Lenore Gray Review: Uncommon Ground



Almost by definition, artists are people with a knack for keeping in touch with their inner child. But some artists do it better — or at least more diligently — than others.

A case in point is Elizabeth Condon, a Brooklyn-based artist whose dreamy, semi-abstract paintings are currently on display at the Lenore Gray Gallery. In her artist’s statement, Condon cites both Doctor Seuss and Chinese scroll-paintings as artistic inspirations. In lesser hands, that might be a recipe for disaster. But Condon makes it work, deftly fusing the free-flowing, nonlinear perspective of Chinese painting with the free-flowing, nonlinear logic of the Seuss books.

In Two Places, for example, a series of recognizable images — a house, a tree, a river — float in a sea of softly pulsing colors. The result feels like a dream or memory suddenly, if fleetingly made visible. Other works evoke fantastic landscapes, whether it’s a night sky filled with glowing stars and planets (Dispersion) a fairy-tale forest filled with wisps of sea-green fog (The Woods) or a swirling garden scene (Night Flowers) worthy of another age-defying artist: Paul Klee.
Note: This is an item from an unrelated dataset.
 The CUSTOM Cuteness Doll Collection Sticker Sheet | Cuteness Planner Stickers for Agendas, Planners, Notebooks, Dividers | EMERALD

The show’s other contributor, Jerry Mischak, also has a Seussian streak. Indeed, Mischak, who teaches sculpture at the University of Rhode Island, is best known for using duct tape, a material that he can coax into almost any shape from sleekly geometric to sensuously organic.
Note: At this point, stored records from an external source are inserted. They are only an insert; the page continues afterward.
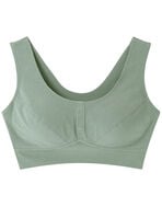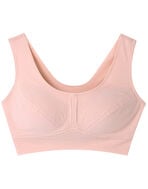 2、パッドを抜いて・・・圧迫感を感じにくいやわらかく伸びる生地2重のカップで、くつろぎタイムやおやすみの時にもおすすめ。
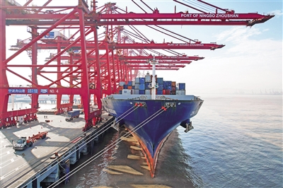 图为宁波舟山港金塘港区作业场景。(任洁/摄)
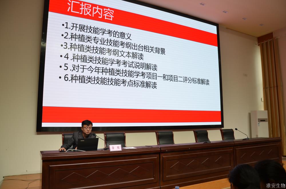 10月17日, 江苏省中等职业学校种植类技能学业水平考试骨干教师培训在农业实训中心124会议室举行。副校长李慧、盐城生物工程高等职业技术学校董晓鸣副教授、植物工程系主任徐暄、副主任顾艳以及全省40多名专业骨干老师参加了此次培训。会议由江苏省学考种植类研究组副组长吴松主持。
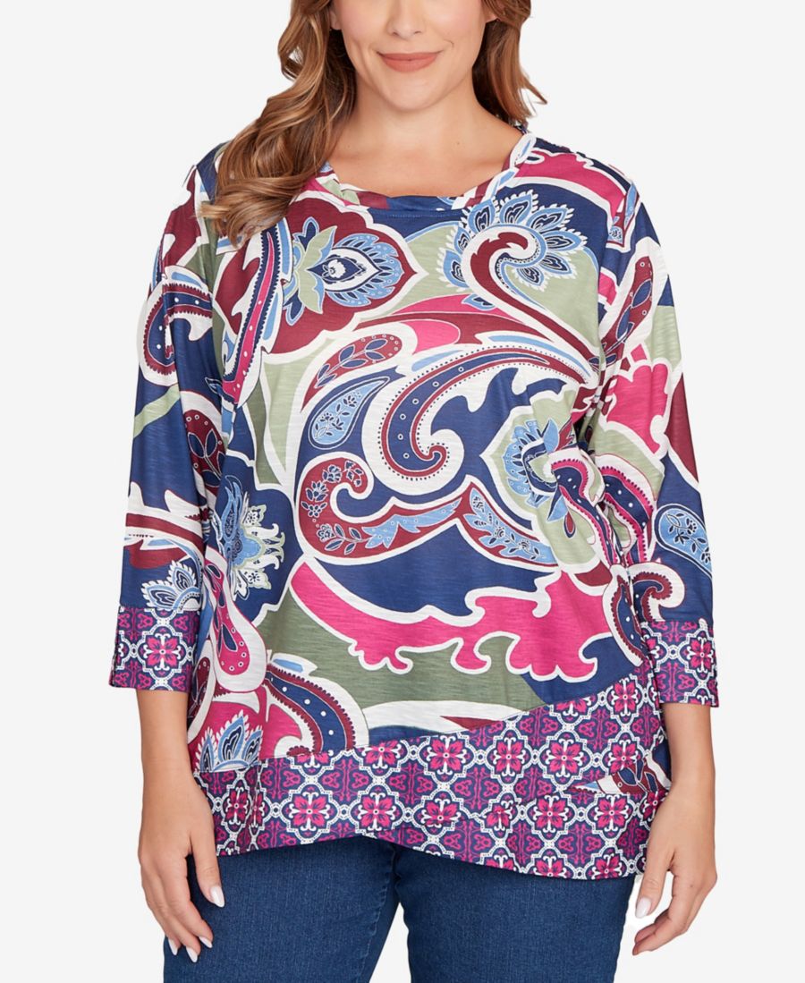 Топ больших размеров с геометрическим узором пейсли Ruby Rd, Deep Blue Multi 8 019₽

It’s a talent that is on full display in City in Balance (Let’s Share a Place), a large duct-tape sculpture in which a miniature city seems to sprout from the limbs of a gnarled tree. Though the message — something along the lines of “Wouldn’t it be nice if we could all live in harmony with each other and with nature” — is serious, Mischak’s approach is more playful than political.